10. To acquire, construct, reconstruct, lease, improve, maintain,
equip or furnish one or more projects;

11. To accept gifts, grants, loans or contributions from, and enter
into contracts or other transactions with, the United States and the
state or any agency of either of them, any municipality, any public or
private corporation or any other legal entity, and to use any such
gifts, grants, loans or contributions for any of its corporate purposes;

12. To borrow money and to issue bonds and to provide for the rights
of the holders thereof;

13. To designate the depositories of its money in the city of Auburn.
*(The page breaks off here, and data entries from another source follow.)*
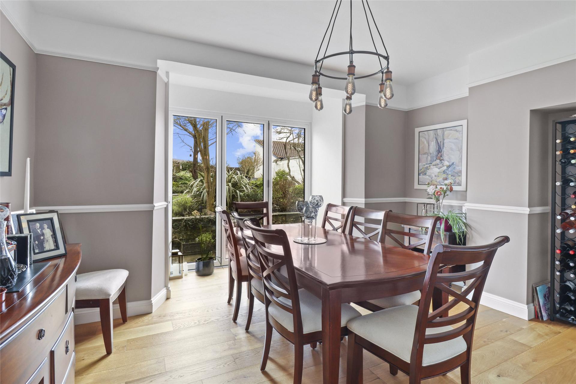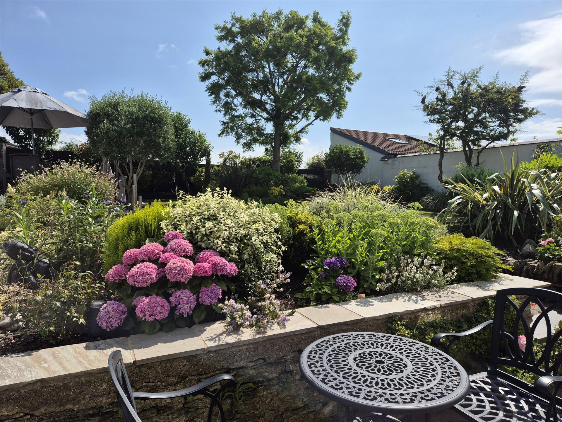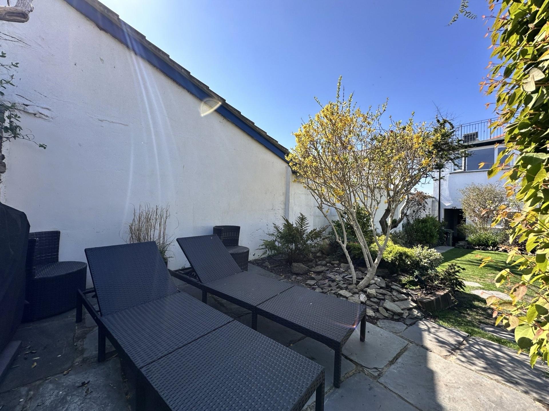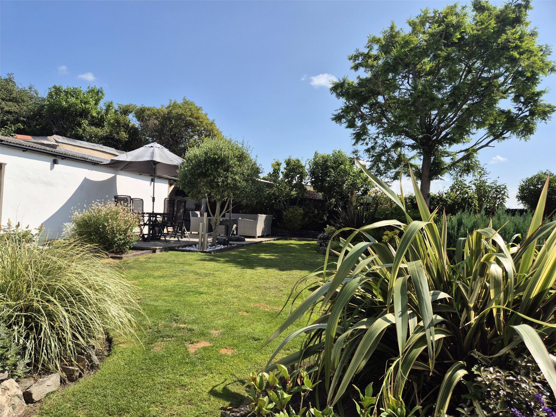 The mature, walled rear garden is an exceptional feature of this home, offering a safe and serene setting for families and pets. Designed for both relaxation and entertaining, it includes two patio areas perfect for alfresco dining, integrated sleeper lighting, and a stylish garden bar. The garden is well-stocked with fruit trees and benefits from excellent privacy while backing onto playing fields.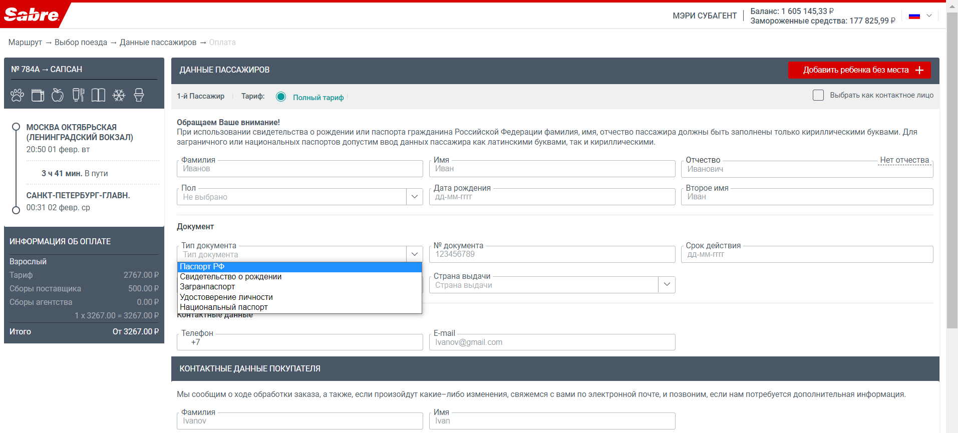 В разделе 5.Настройки сайта было краткое описание инструмента, позволяющего включить список типов документов на странице сайта "Данные пассажиров". В настоящем разделе раскроем особенности ввода документов при оформлении услуг на сайте B2B для российского и национальных рынков.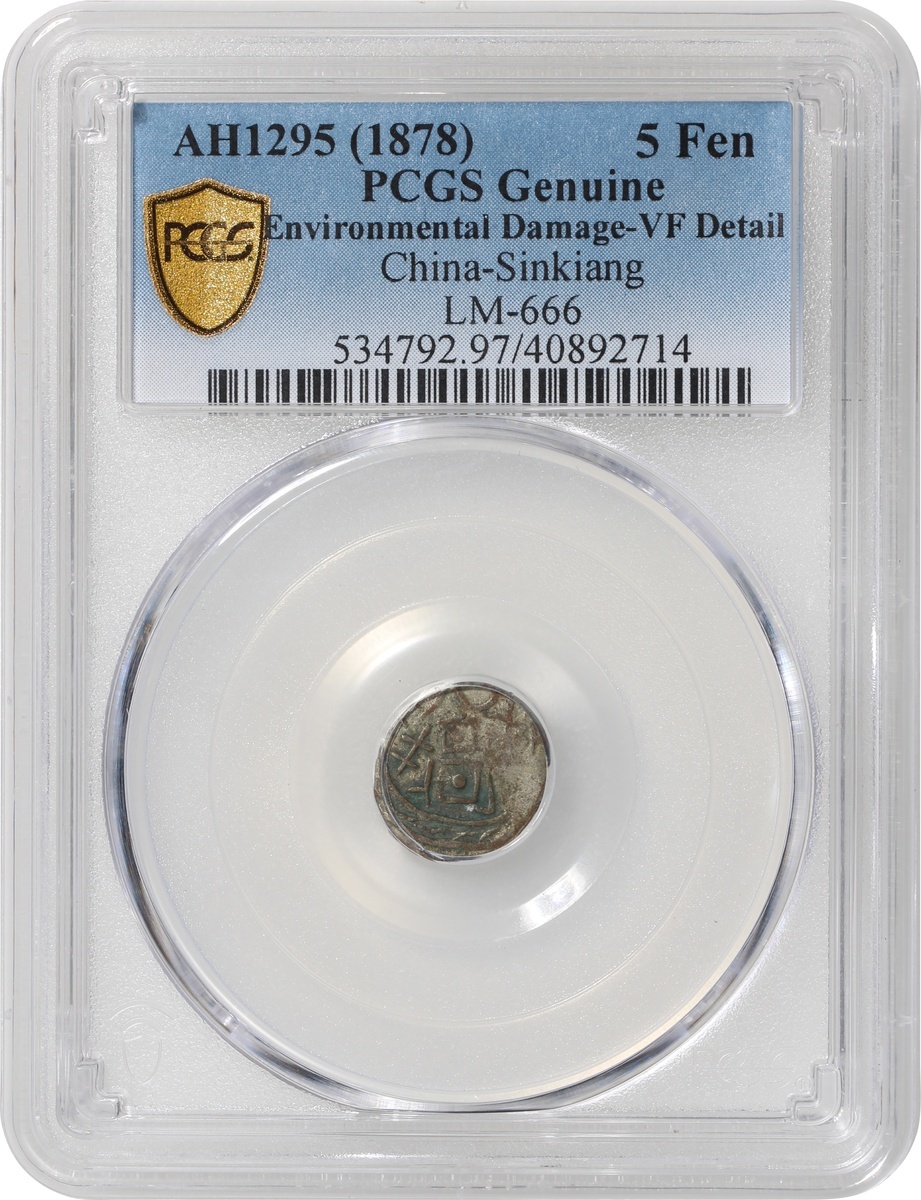 Sinkiang Province, silver 5 fen, AH1295(1878), (LM-666), PCGS Genuine Environmental Damage - VF Detail, #40892714.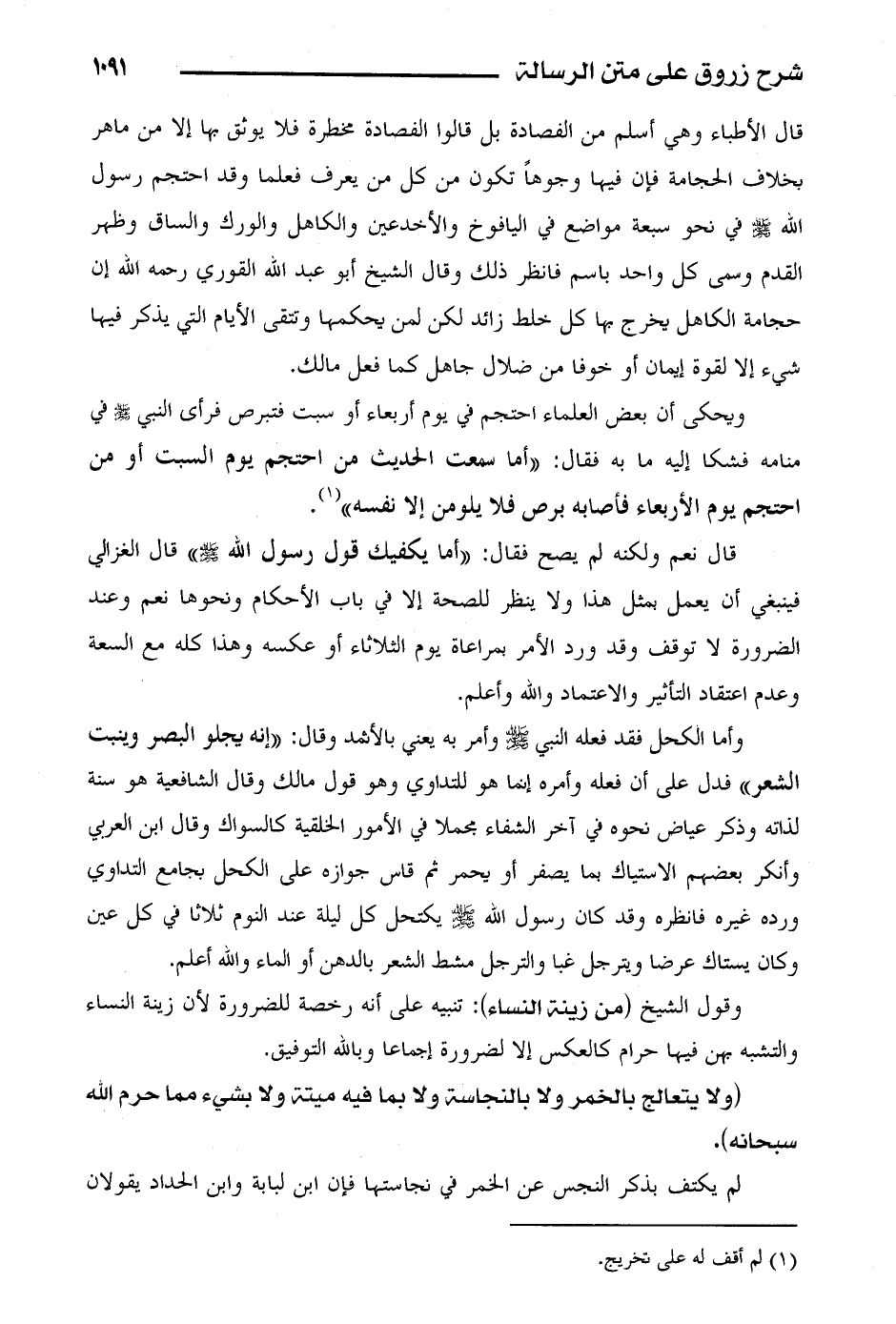 ويحكى أن بعض العلماء احتجم في يوم أربعاء أو سبت فتبرص فرأى النبي صلى الله عليه وسلم في منامه فشكا إليه ما به فقال: " أما سمعت الحديث من احتجم يوم السبت أو من احتجم يوم الأربعاء فأصابه برص فلا يلومن إلا نفسه".

14. To enter into agreements requiring payments in lieu of taxes. Such
agreements shall be in writing and in addition to other terms shall
contain: the amount due annually to each affected tax jurisdiction (or a
formula by which the amount due can be calculated), the name and address
of the person, office or agency to which payment shall be delivered, the
date on which the payment shall be made, and the date on which payment
shall be considered delinquent if not paid. Unless otherwise agreed by
the affected tax jurisdictions, any such agreement shall provide that
payments in lieu of taxes shall be allocated among affected tax
jurisdictions in proportion to the amount of real property tax and other
taxes which would have been received by each affected tax jurisdiction
had the project not been tax exempt due to the status of the agency
involved in the project. A copy of any such agreement shall be delivered
to each tax affected jurisdiction within fifteen days of signing the
agreement. In the absence of any such written agreement, payments in
lieu of taxes shall be allocated in the same proportions as they had
been prior to January first, nineteen hundred ninety-three for so long
as the authority's activities render a project non-taxable by affected
tax jurisdictions. A notification of the expiration of such agreement
shall be delivered to the affected tax jurisdiction two years prior to
the expiration of such agreement and immediately upon early termination
of an agreement;

15. To establish and reestablish its fiscal year; and

16. To do all things necessary or convenient to carry out its purposes
and exercise the powers expressly given in this title.